Mylar Sheets – These are great if you want to make reusable stencils. I do find it a pain though to use them for painting because you have to wash it between each letter. Here’s a tutorial on using mylar sheets as cookie stencils.
Contact Paper – This is a great option if you have it around. However, if you are doing a lot of painting, it does tear easily. I also have a detailed tutorial on how to stencil with contact paper.
Wax or Freezer Paper – This is great for fabrics, you can iron it on and keep it in place. Check out my freezer paper tutorial for more details.
Paper – this is by far the cheapest option. sometimes I like to use magazine covers because they are a bit stiffer and have some sort of coating to keep it from falling apart.
Cutting Machine – I use a Cricut.
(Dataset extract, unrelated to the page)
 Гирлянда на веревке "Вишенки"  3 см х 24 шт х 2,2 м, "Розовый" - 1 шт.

Check out my recommendations for Cricut machines and accessories for beginners for more info.
You could also use an Exacto knife as well.
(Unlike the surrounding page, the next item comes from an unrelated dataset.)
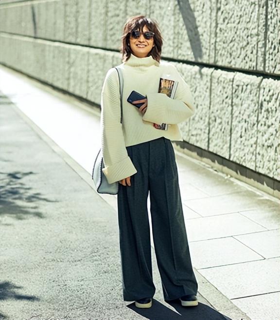 其实中年女人在挑选单品的时候,除了围绕简约有格调展开,有时也可以选择一些可爱的材质。毛衣这种软糯的面料既保暖又时髦,这件白色高领毛衣搭配阔腿裤,优雅气质呼之欲出。软糯感十足的毛衣,就算是贴身穿也不会出现扎肉的情况。
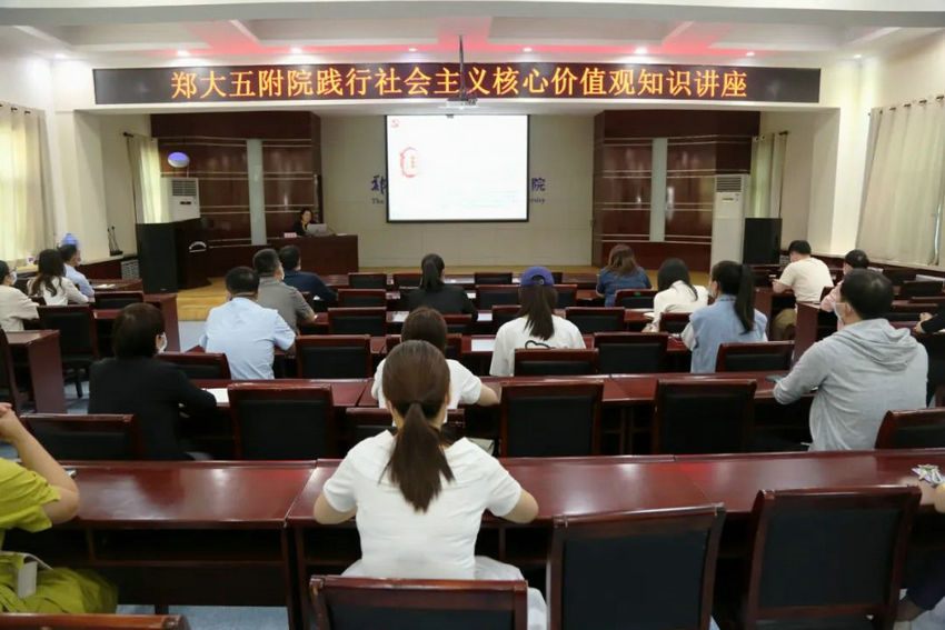 为进一步推动精神文明建设工作,根据年度工作安排,2022年5月17日下午四点,郑州大学五附院党委副书记、工会主席徐翠英在门诊五楼会议室作了题为《践行社会主义核心价值观,做有责任敢担当的时代新人》专题报告,各党总支书记、职工代表、发展对象、入党积极分子参加。

How to stencil letters for a vintage style laundry room sign
Step 1: Prep the vintage sign blank
Start with a blank sign base. I used this super affordable rustic blank wood sign I got from Amazon. Canvas also works for these signs.
Step 2: Position the stencils in place
In this particular example, I didn’t cut the stencil as one piece and instead just did it one letter at a time.
Mine overlapped a little bit but ideally, they don’t touch which makes it much easier to remove.
Step 3: Add either some Mod Podge, Elmers glue or Tacky glue.
You want to add some sort of polymer sealant so the paint doesn’t bleed.
I just use a q-tip for this part. You could also use a brush or sponge.
Step 4: Add the paint while the glue is still wet.
We want to do everything while it is wet because the polymer sealant tends to peel in chunks when dried.
I used acrylic paint in this case but any paint works. I just wouldn’t use a sharpie or marker because the ink is too thin and will bleed underneath the stencil easily.
Step 5: Peel the stencil
After I’ve done a couple of coats, I just peel the stencil off while it is wet.